The difference of this approach is of course that rather than having a more progressive tax system (which I would strongly advocate regardless) where wealth is redistributed, and the widening gap between rich and poor in the UK could be bridged by government intervention, it is put into the hands of willing individuals who may be more likely to sign up for parting with their money if they see where it goes. This appeals, but can never solve the massive problem that is income inequality in the UK, and in its worse form, severe and persistent child and family poverty.

However, if the whole point of such a sponsorship scheme is for people to understand and appreciate how the other half live, and nothing more is expected, there may be some value in it. As long as both parties really know what they sign up for.

Save the Children, who were involved in the making of the series have a very comprehensive FAQ up on their UK site, with further information on their campaign to end child poverty in the UK, while the Poverty News Blog has posted this review by the Guardian's Tim Nichols, which takes a more positive view on the series.

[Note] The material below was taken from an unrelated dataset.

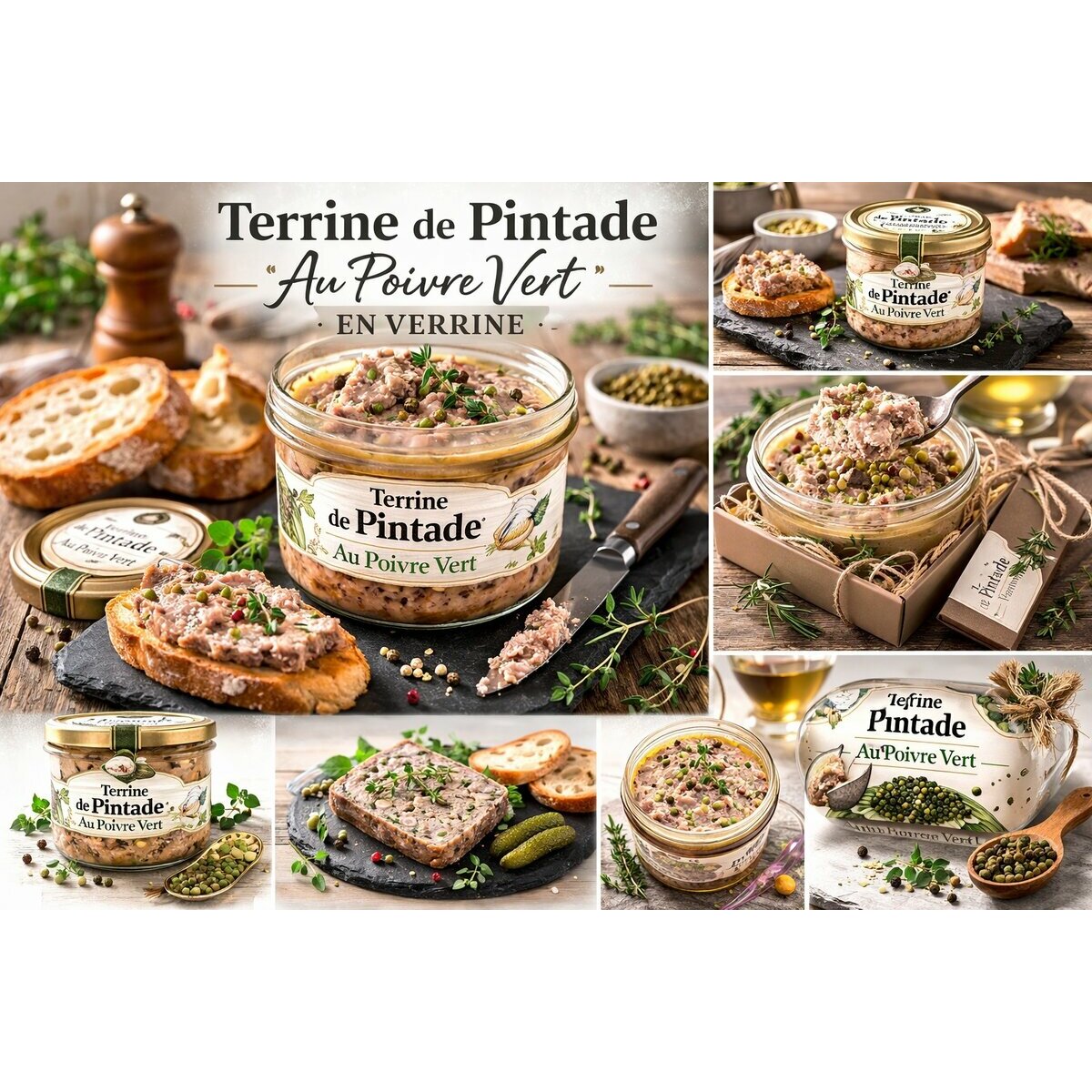 Made from French organic guinea fowl (59%), this delicately textured terrine combines premium ingredients with a subtle touch of green peppercorn (0.5%), bringing a refined aromatic finish.

I'm interested to see how the three part programme is going to pan out - the next episode will be on at 9pm on Thursday, on Channel 4.

4 comments:

Anonymous said...

I have never ever heard of this kind of sponsorship before this programme - I watched it with my hands covering my eyes peeking through the cracks in between my fingers cringing. Coming from one of the many tens & thousands of families on the bread line who has to make do with goverment benefits I am a bit miffed to think that these families are getting rich handouts & benefits on top of this. Fair enough each to their own if some families wish to participate in this but speaking with passion & pride in my heart I can honestly say I would rather juggle benefits and shop at charity & thrift shops & count those pennies endlessly than take handouts from a rich family who have no true idea about poverty - what happens when the payments stop for these sponsored families - they are no closer to solving their problems - if not possibly made worse by the lack of nice chunky cheques coming in & thinking that money grows from the postmans bag

cartside said...

I'm not sure if this is meant to be a new programme, I thought the child sponsorship within the UK idea was a gimmick for this TV programme, rather than a serious idea - but that's just my understanding and it may be wrong.

Anonymous said...

I'm sure the refugees are grateful..that family get £150 a week more than i do as a single parent nursing student. Throwing money at people may not be a means to an end but it's hard to become, and stay motivated when you can't afford to pay your bills/buy food or take them out just for one day during the holidays. You obviously have no idea cartside. It's a soul destroying life, therefore a little bit of help can create immense positivity in one's outlook..for starters.

cartside said...

Anonymous, I really welcome your comment.
And it's good to hear your view, especially because it's different to mine. I do realise how soul destroying a life it is if you constantly have to struggle. I do have an idea.

And yes, I did see that the bit of help did actually turn around that family's life. It still creates dependency and power by the rich family over the poor family. They call the shots. This is what I'm uncomfortable with. Maybe wrongly so, but I am.

Maybe the pragmatic approach, the one where such a sponsorship scheme can make a difference, is valid in it's own right, and I'm just too idealistic to embrace it.

The question stays why we allow as a society that people live with not enough to get by while other bring home six figure incomes. Poverty and income inequality are systemic, and personally I think the state has a responsibility to create greater equality if it doesn't happen of its own accord.